Asia Intermedialities Workshop

deadline for submissions: 
December 11, 2017
full name / name of organization: 
Elmo Gonzaga / The Chinese University of Hong Kong
contact email: 

Asia Intermedialities: New Objects, Themes, and Methods at the Convergence of East and Southeast Asian Cultural and Media Studies

 

Centre for Cultural Studies

Department of Cultural and Religious Studies

The Chinese University of Hong Kong

25-26 May 2018

 

Convener: Elmo Gonzaga (Cultural and Religious Studies, CUHK)

 

In the past decade, increased scholarly focus has been devoted to Asian media flows under the rubrics of ‘Inter-Asia,’ ‘TransAsia,’ and ‘Global Asia.’ This new emphasis on the study of cultural affinities and interactions within the Asian region has accompanied the shift of the world market toward economies like South Korea and the People’s Republic of China, and the emergence of new trade blocs such as the Association of Southeast Asian Nations or ASEAN.

 

Reflecting on different areas of Asian Studies, Benedict Anderson and Harry Harootunian have highlighted the importance of situating intermediality amid the complexities of particular social milieus and media ecologies. This workshop aims to make an intervention in this critical debate by uncovering and exploring linkages between two fields, East Asian and Southeast Asian Cultural and Media Studies, which are often treated as disciplinarily separate.

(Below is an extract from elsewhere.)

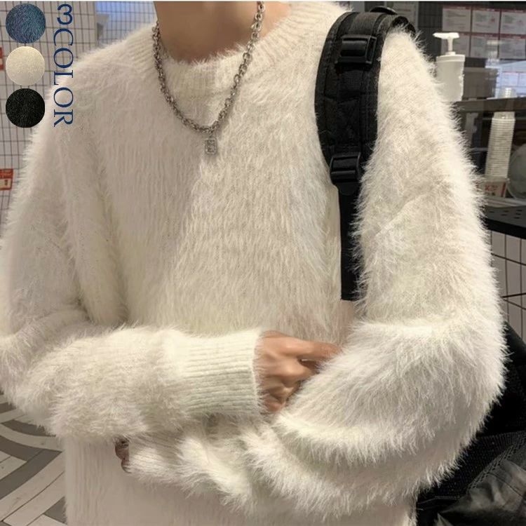 メンズ ニット クルーネック セーター トップス ニット セーター 豊富な品揃え グレー ブラック ホワイト M L XL 2XL

Through the course of this workshop, we hope to formulate questions for inquiry, identify objects of study, and develop methods for analysis in examining the diverse intermedial encounters and exchanges that transpire among East and Southeast Asian cultural and media flows and processes. The intent is to bring salient theories, issues, and materials from these two fields into dialogue with each other with the goal of extending and redefining our existent knowledges and approaches without reinstating former hierarchies or establishing new ones.

 

The workshop is open to current practitioners of Inter-Asia, TransAsia, or Global Asia approaches, as well as disciplinary specialists who might be interested in expanding the geographical, theoretical, and methodological scope of their research. We invite papers that inquire into how objects, theories, themes, and methods specific to the two distinct fields of East Asian and Southeast Asian Cultural and Media Studies might overlap and cross-fertilize. Presenters should try to address one or more of the following questions:

 

  1. What media objects and modalities distinct to different localities from these two geographic areas could be seen to bear affinities in terms of genre or form?
  2. How might variations in the practices of displaying and consuming media content from different localities unveil disparities in or tensions over their parameters and functions?
  3. How might cultural and media flows be transmitted across national borders through East Asian and Southeast Asian infrastructures and networks in ways that expose, challenge, and transform the limits of these paradigms and their affordances?
  4. What themes, theories, and methods salient to one field of study might be useful for comprehending and analyzing texts from the other field? How would this exchange allow such themes, theories, and methods to be deployed with a new understanding of their possibilities and efficacies?
  5. How are particular social milieus and media ecologies constituted as sites of encounter, negotiation, and interchange between East Asian and Southeast Asian cultural flows?

 

Confirmed speakers include Bliss Cua Lim (University of California, Irvine), Bao Weihong (University of California, Berkeley), Rolando Tolentino (University of the Philippines), Kim Jihoon (Chung-Ang University), and Brian Bernards (University of Southern California).

 

Proposals in English of up to 300 words, along with a brief CV, should be sent to Cheung Chui Yu at cuccs@cuhk.edu.hk by 11 December 2017.

 

Presenters will be informed of their acceptance by early January. The aim is for the scope of the workshop to reflect a diversity of critical objects and geographical areas. To facilitate discussion, accepted papers are expected to be circulated among the participants before the workshop.